Одним словом, бабушка, видя, как я восхищен квартирой, сняла ее на месяц с правом, по истечении этого срока, оставить помещение за собой еще на год. Миссис Крапп согласилась стряпать и смотреть за бельем; обо всем остальном, что могло мне понадобиться, бабушка уже позаботилась. В заключение миссис Крапп выразительно намекнула, что будет относиться ко мне как к родному сыну. Переехать я мог через день, и, благодарение богу, – сказала миссис Крапп, – теперь у нее есть кого опекать.
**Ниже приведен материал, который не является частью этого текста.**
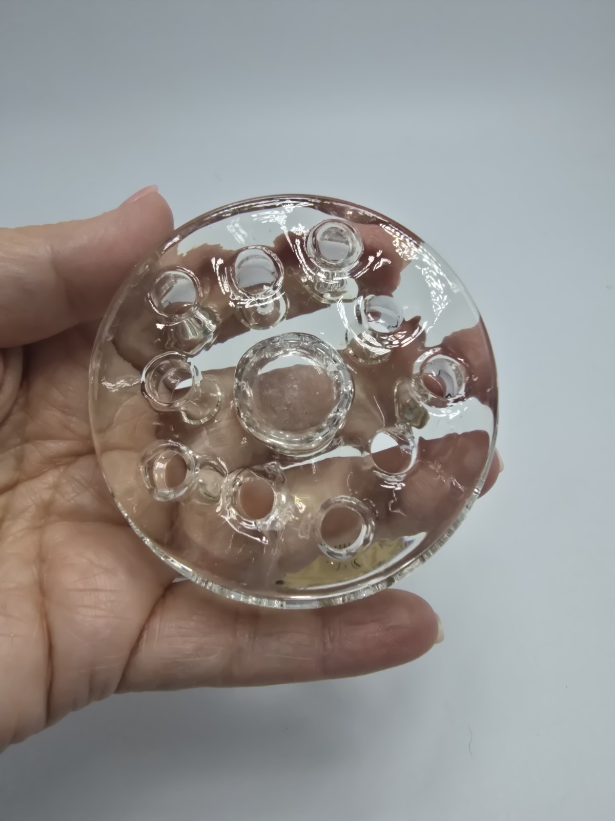 Vintage Clear Flower Frog Depression Glass 10 Hole Vase Frog with Candle Holder

На обратном пути бабушка выразила полную уверенность в том, что жизнь, которую теперь я должен буду вести, воспитает во мне твердость духа и укрепит веру в свои силы, которых мне еще не хватает. Она твердила об этом и на следующий день, когда мы обсуждали вопрос об отправке моих вещей и книг, находившихся у мистера Уикфилда. Об этих вещах и о том, как я провел каникулы, я написал длинное письмо Агнес, которое бабушка взялась передать, так как уезжала на следующий день. Я не буду останавливаться на мелочах, добавлю только, что бабушка приняла все меры к тому, чтобы я ни в чем не нуждался в течение испытательного месяца: упомяну также, что, к нашему сожалению, Стирфорт не появился до ее отъезда, что, здравая и невредимая, она села вместе с Дженет в дуврскую карету, предвкушая грядущие поражения праздношатающихся ослов, и что, после отхода кареты, я повернул к Аделфи, размышляя о былых днях, когда я блуждал вокруг подземных его арок, и о счастливых переменах, вынесших меня на поверхность.
Глава XXIV
Мой первый кутеж
Чудесно было владеть этим величественным замком и, закрыв наружную дверь, чувствовать то же, что чувствовал Робинзон Крузо, когда забирался в свою крепость и втаскивал за собой лестницу. Чудесно было бродить по городу с ключом от своей квартиры в кармане и знать, что я могу пригласить к себе любого человека и никому не причиню никакого беспокойства, разве что самому себе. Чудесно было возвращаться домой, приходить и уходить, никому не говоря ни слова, и вызывать звонком миссис Крапп, которая, пыхтя, появлялась из недр земли, когда она была мне нужна и когда… расположена была прийти. Все это, говорю я, было чудесно, но должен сказать, что иной раз становилось очень скучно.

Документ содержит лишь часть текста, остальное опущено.